> **Exercise goal**:
Write out again, word for word, the lines below from the line that holds "最后给一张 UML 类图描述一下" through the line that holds "1. 2011-2020年铧式犁补贴销量趋势分析", omitting pictures.

> **Given data**:
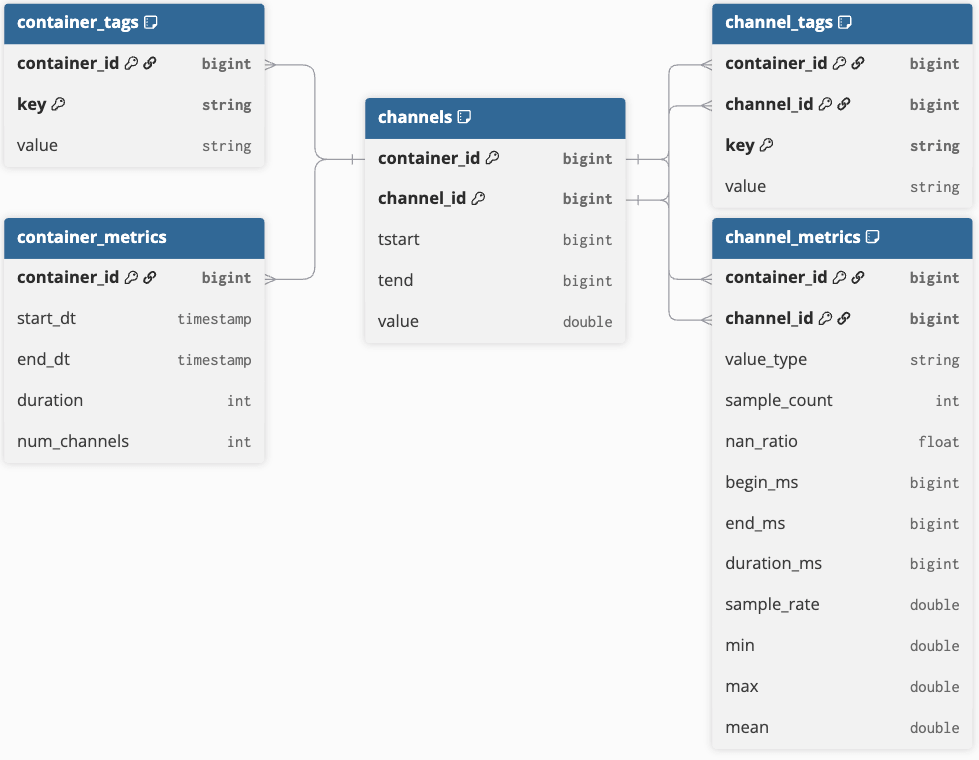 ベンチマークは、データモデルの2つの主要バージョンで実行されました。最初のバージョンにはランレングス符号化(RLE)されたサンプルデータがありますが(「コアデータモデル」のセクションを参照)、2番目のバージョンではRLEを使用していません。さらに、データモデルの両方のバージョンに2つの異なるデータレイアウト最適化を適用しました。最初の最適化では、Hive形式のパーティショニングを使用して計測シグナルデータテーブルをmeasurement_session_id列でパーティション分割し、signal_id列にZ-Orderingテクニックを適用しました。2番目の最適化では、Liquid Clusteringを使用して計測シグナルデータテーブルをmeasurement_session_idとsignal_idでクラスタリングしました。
* * *
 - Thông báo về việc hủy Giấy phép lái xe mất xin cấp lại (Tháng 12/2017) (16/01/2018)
...
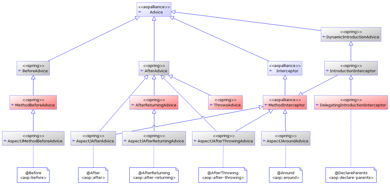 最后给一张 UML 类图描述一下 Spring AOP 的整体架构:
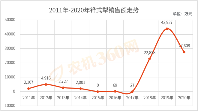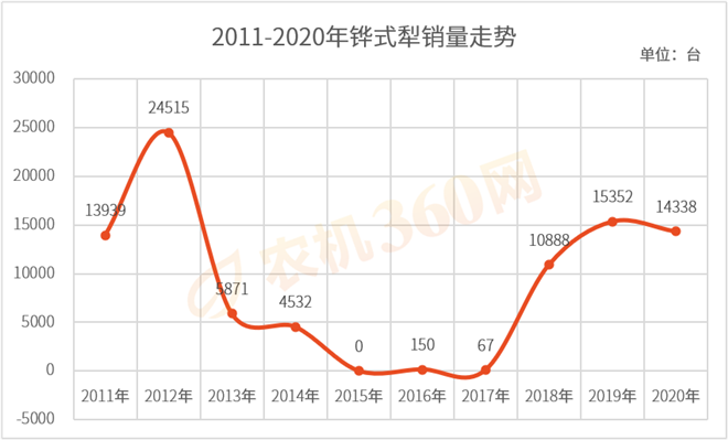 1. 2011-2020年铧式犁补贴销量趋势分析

> **Response**:
 最后给一张 UML 类图描述一下 Spring AOP 的整体架构:
 1. 2011-2020年铧式犁补贴销量趋势分析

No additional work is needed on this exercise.